EXERCISE BRIEF :: Search the entries below for "Plates or even". Give that line and all the lines after it again, exactly, through the last, without pictures.

-- DATA FOR THE TASK follows --

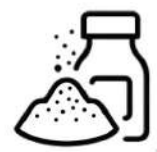
Extract & Extract Powder
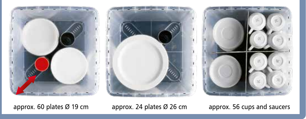
approx. 60 plates Ø 19 cm

Plates or even smaller items of crockery can be transported safely and easily using the Vary tool or appropriate dividers. The Vary tool is fixed by putting the lid on.
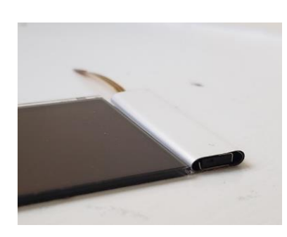
Properly rolled -01
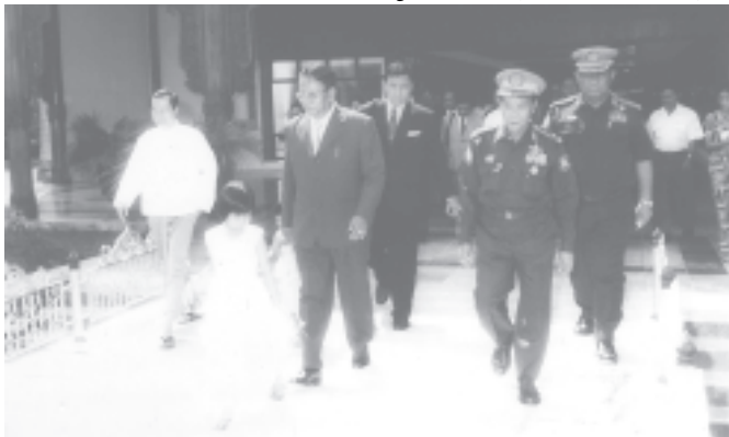
Myanmar delegation led by Minister for Industry-1 U Aung Thaung being seen off at Yangon International Airport.

-- DATA FOR THE TASK concluded --

EXERCISE RESULT ::
Plates or even smaller items of crockery can be transported safely and easily using the Vary tool or appropriate dividers. The Vary tool is fixed by putting the lid on.
Properly rolled -01
Myanmar delegation led by Minister for Industry-1 U Aung Thaung being seen off at Yangon International Airport.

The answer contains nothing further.